What is the most cost/time effective solution to get the blood red shimmer for the larger pieces (possibly using acrylic paint instead of pencil, that is yet to be seen)? So far in talking with different art stores I've gotten using embossing (very costly and time consuming), mixing red and gold paint (still kinda spendy), metallic acrylic paint, getting black and red metallic acrylic inks and blending, or putting red glitter paint into the acrylic paint.... 

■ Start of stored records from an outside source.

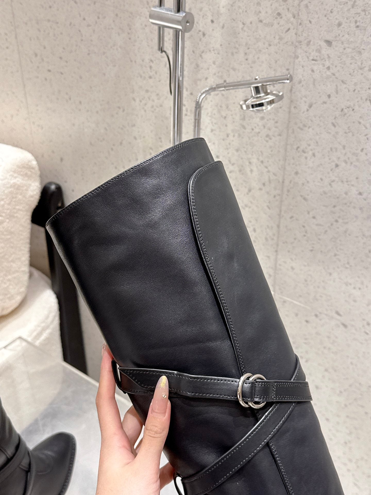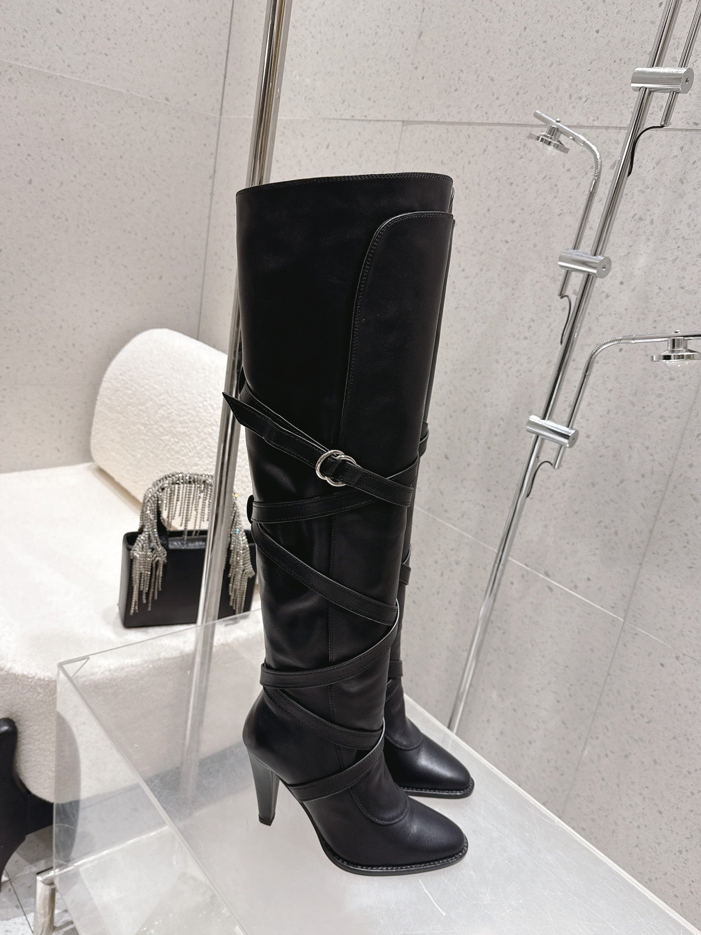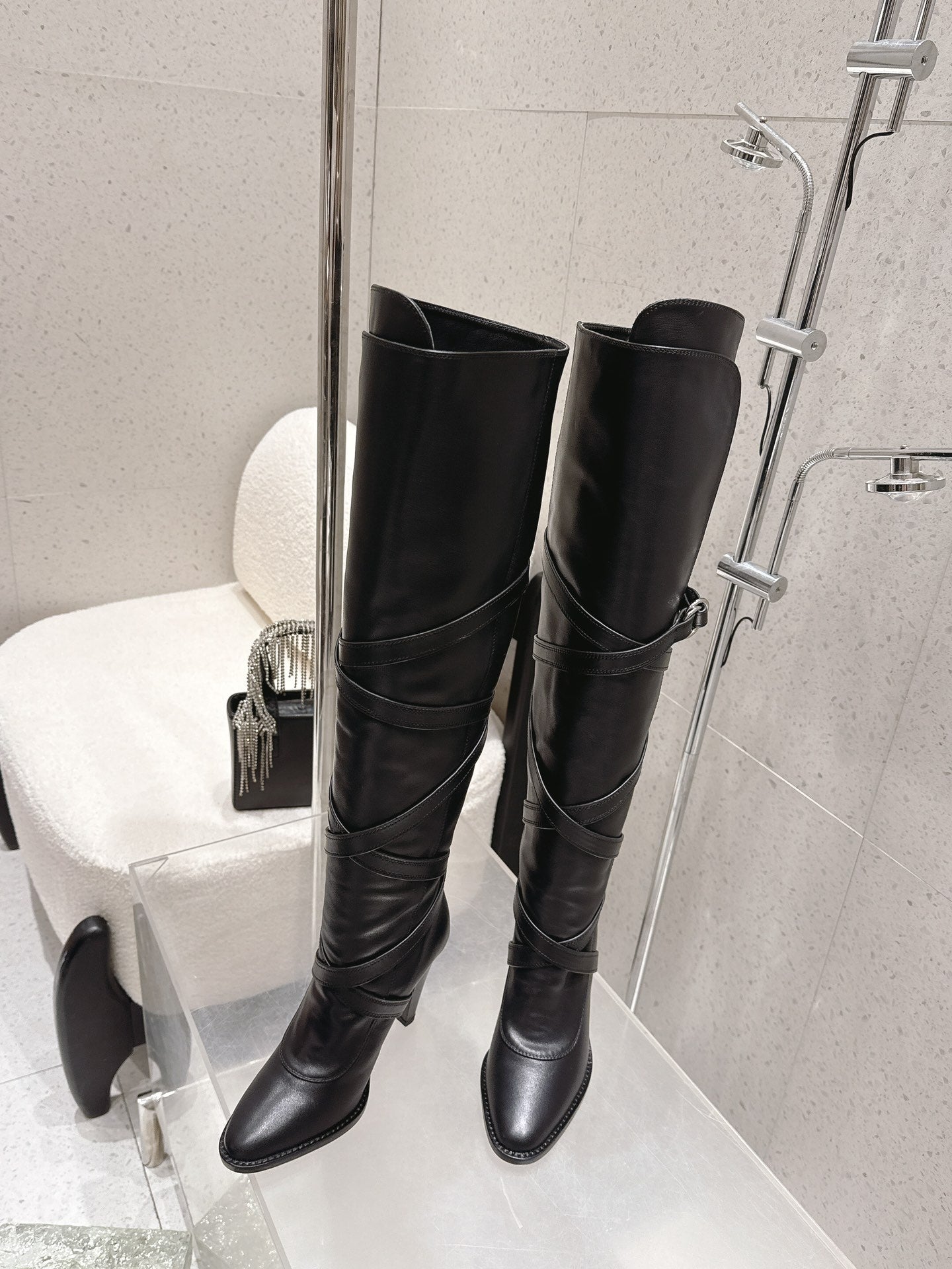 YSL 26S JANIS KNEE-HIGH BOOTS 90 MM IN BLACK SUEDE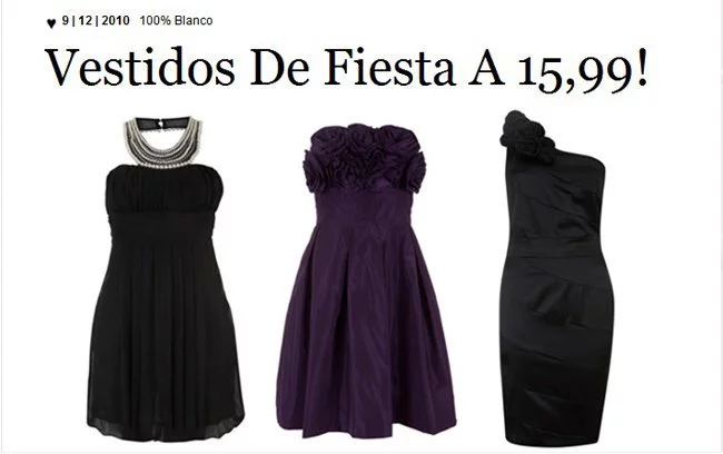 Si todavía no lo tienes claro, aprovecha esta oportunidad porque está muy bien. Blanco te pone una serie de vestidos de fiesta (que no todos, solo unos cuantos modelos) al módico precio de 15,99 que, ya me diréis vosotros, pero ¡está genial! Algunos de ellos tenían precio incial de 30 euros o de 25.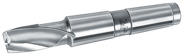 Tipo a 2 taglienti elicoidali. Serie corta. DIN 326 D - UNI 8260 A - ISO 1641/2. Dente frontale al centro. Attacco Cono Morse e foro filettato. Tolleranza tagl. e8.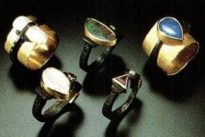 Flynn's achievement of intimacy and technical mastery rests on a foundation of thousands of years of European goldsmithing. "As a forger of [metals]…and as a powerful, creative agent of change, the smith…often appears as a ruler over fire, as a healer of diseases and as a rainmaker…" Egyptian reliefs from the First Dynasty show smiths at work. Gold is mentioned in the very first chapter of Genesis, chain-making in Exodus. The 12th century monk Theophilus devoted seventy-nine chapters to the art of the goldsmith in his description of the arts of his time. "The goldsmith was required to be a modeler, sculptor, smelter, enameller, jewel-mounter and inlay-worker." As if personally bearing the weight of 3,000 years of tradition, Flynn was slow to accept the mantle of goldsmith for himself. Asked to name his heroes, he chooses the Italian master Mario Pinton.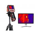 Cámara para medir temperatura en seres humanos que se puede utilizar cogida de la mano o montada sobre un trípode y conectada a un monitor en un puesto de control de accesos.

Any use any of these techniques? I'm really interested in info on the metallic inks (may prove more versatile than paint since could use on the smaller ink projects). and yes am going for realism so the image having the shimmer effect will be a major plus.


----------



## sunandshadow (Jul 17, 2010)

You can get craft acrylic paint with red glitter already in it, $1 or $2 a bottle at Micheals.  I was really happy with what it looked like when I used it to make a blood red sun on a large painting.  You have to really glop it on, on top of an undercoat of a solid red, because the base of all sparkle paints is clear - has to be otherwise you can't see the sparkles because they get coated with the color.  The result has an impressive amount of visual depth but it might kill a piece of paper.  My current acrylic painting has a lot of shiny and metallic colors in it but not sparkles - I have a bottle of solid metallic red but I haven't had a use for that color yet.

I also have a gellyroll ballpoint pen that is an ok sparkly red, but it's not a deep red - most red inks are a lighter orangey red, and the sparkles in them are generally silver.  I got irritated with metallic pens when I realized it was impossible to scan those colors, but I wasn't trying


----------